Маленькие, трогательные истории, наполненные светом, теплом и легкой грустью. Они разбудят память о твоем бессмертии, заставят достать крылья из старого сундука, стряхнуть с них пыль и взмыть навстречу свежему ветру, счастью и мечтам.
Известный украинский писатель Владимир Дрозд — автор многих прозаических книг на современную тему. В романах «Катастрофа» и «Спектакль» писатель обращается к судьбе творческого человека, предающего себя, пренебрегающего вечными нравственными ценностями ради внешнего успеха. Соединение сатирического и трагического начала, присущее мироощущению писателя, наиболее ярко проявилось в романе «Катастрофа».
Сборник посвящен памяти Александра Павловича Чудакова (1938–2005) – литературоведа, писателя, более всего известного книгами о Чехове и романом «Ложится мгла на старые ступени» (премия «Русский Букер десятилетия», 2011). После внезапной гибели Александра Павловича осталась его мемуарная проза, дневники, записи разговоров с великими филологами, книга стихов, которую он составил для друзей и близких, – они вошли в первую часть настоящей книги вместе с биографией А. П. Чудакова, написанной М. О. Чудаковой и И. Е. Гитович.
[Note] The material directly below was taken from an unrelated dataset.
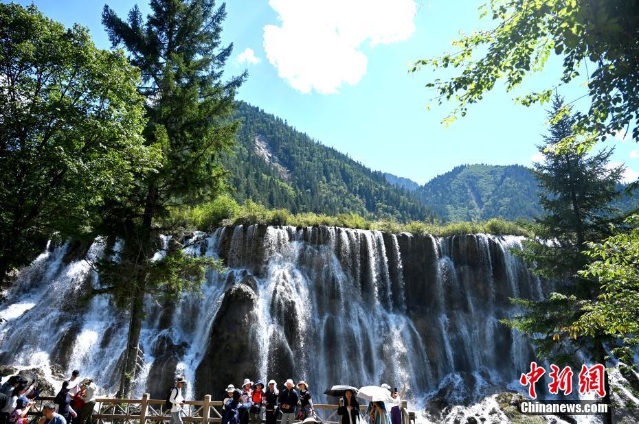 圖為游客在九寨溝景區拍照留念。中新社記者 安源 攝

В книге рассказывается история главного героя, который сталкивается с различными проблемами и препятствиями на протяжении всего своего путешествия. По пути он встречает множество второстепенных персонажей, которые играют важные роли в истории. Благодаря опыту главного героя книга исследует такие темы, как любовь, потеря, надежда и стойкость. По мере того, как главный герой преодолевает свои трудности, он усваивает ценные уроки жизни и растет как личность.
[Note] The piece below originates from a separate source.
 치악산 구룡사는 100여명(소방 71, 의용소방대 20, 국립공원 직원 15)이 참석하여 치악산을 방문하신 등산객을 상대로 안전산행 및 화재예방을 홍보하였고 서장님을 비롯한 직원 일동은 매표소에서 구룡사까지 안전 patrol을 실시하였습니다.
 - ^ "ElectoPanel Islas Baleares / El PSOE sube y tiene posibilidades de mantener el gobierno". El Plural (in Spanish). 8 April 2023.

В книге рассказывается история главного героя, который сталкивается с различными проблемами и препятствиями на протяжении всего своего путешествия. По пути он встречает множество второстепенных персонажей, которые играют важные роли в истории. Благодаря опыту главного героя книга исследует такие темы, как любовь, потеря, надежда и стойкость. По мере того, как главный герой преодолевает свои трудности, он усваивает ценные уроки жизни и растет как личность.